If the ratio of the altitudes of two triangles be 3:4 and the ratio of their corresponding areas be 4 : 3, then the ratio of their corresonding lengths of bases is

To find the ratio of the corresponding lengths of bases of two triangles given the ratio of their altitudes and areas, we can follow these steps: ### Step-by-Step Solution: 1. **Understand the Given Ratios**: - The ratio of the altitudes of the two triangles is given as \( H_1 : H_2 = 3 : 4 \). - The ratio of their corresponding areas is given as \( A_1 : A_2 = 4 : 3 \). 2. **Use the Area Formula**: - The area of a triangle can be calculated using the formula: \[ \text{Area} = \frac{1}{2} \times \text{Base} \times \text{Height} \] - For the first triangle: \[ A_1 = \frac{1}{2} \times B_1 \times H_1 \] - For the second triangle: \[ A_2 = \frac{1}{2} \times B_2 \times H_2 \] 3. **Set Up the Ratio of Areas**: - From the area formulas, we can express the ratio of the areas as: \[ \frac{A_1}{A_2} = \frac{\frac{1}{2} \times B_1 \times H_1}{\frac{1}{2} \times B_2 \times H_2} = \frac{B_1 \times H_1}{B_2 \times H_2} \] - This simplifies to: \[ \frac{B_1 \times H_1}{B_2 \times H_2} = \frac{4}{3} \] 4. **Substitute the Ratio of Heights**: - We know \( \frac{H_1}{H_2} = \frac{3}{4} \).

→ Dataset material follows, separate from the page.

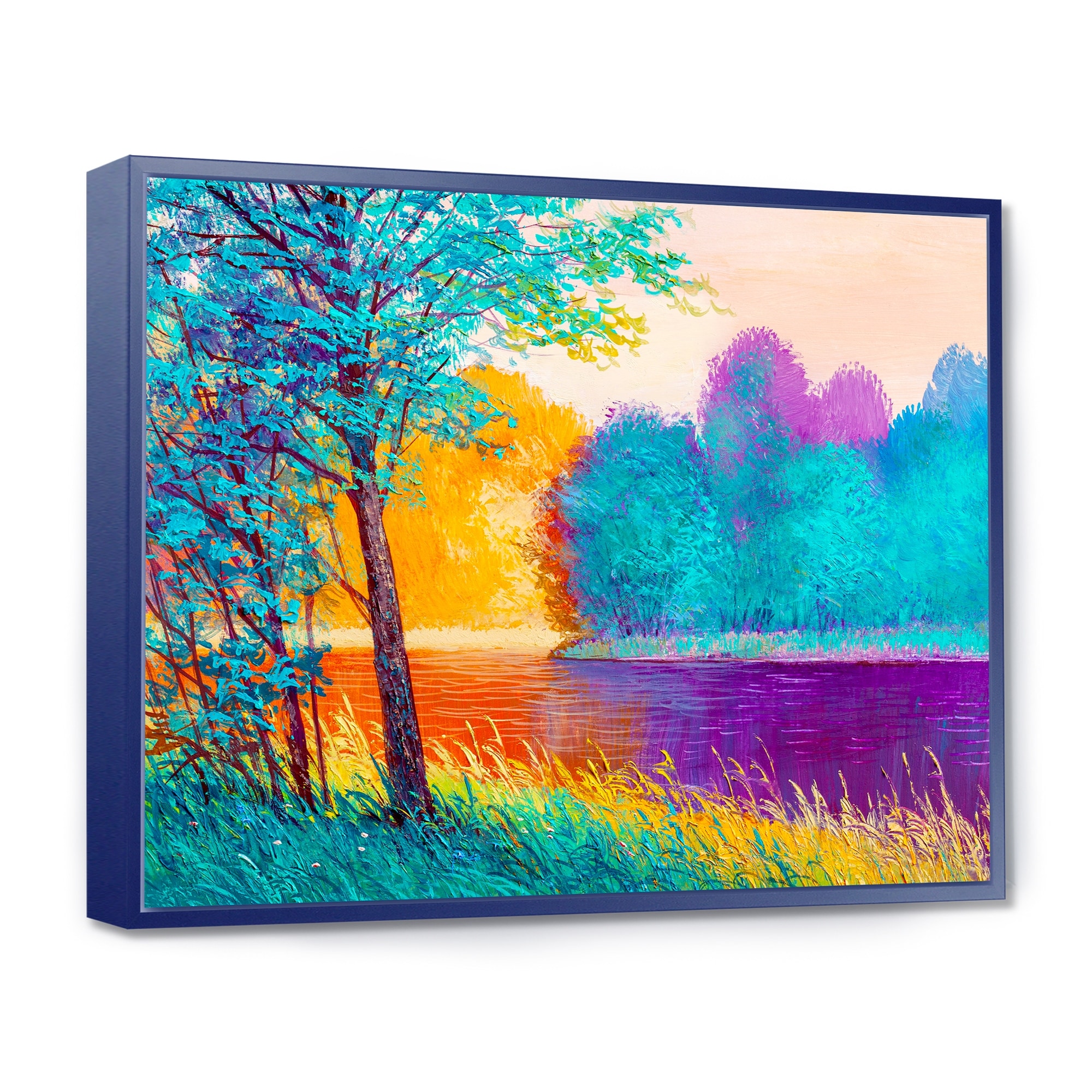 Designart "Colorful Summer F orest With River in Purple Evening Glow" Farmhouse Framed Canvas Wall Art Print

Substitute this into the area ratio: \[ \frac{B_1 \times \frac{3}{4} H_2}{B_2 \times H_2} = \frac{4}{3} \] - Cancel \( H_2 \) from both sides: \[ \frac{B_1 \times 3}{B_2 \times 4} = \frac{4}{3} \] 5. **Cross Multiply**: - Cross multiplying gives: \[ 3B_1 \times 3 = 4B_2 \times 4 \] - This simplifies to: \[ 9B_1 = 16B_2 \] 6. **Find the Ratio of Bases**: - Rearranging gives: \[ \frac{B_1}{B_2} = \frac{16}{9} \] ### Final Answer: The ratio of the corresponding lengths of bases is \( B_1 : B_2 = 16 : 9 \). ---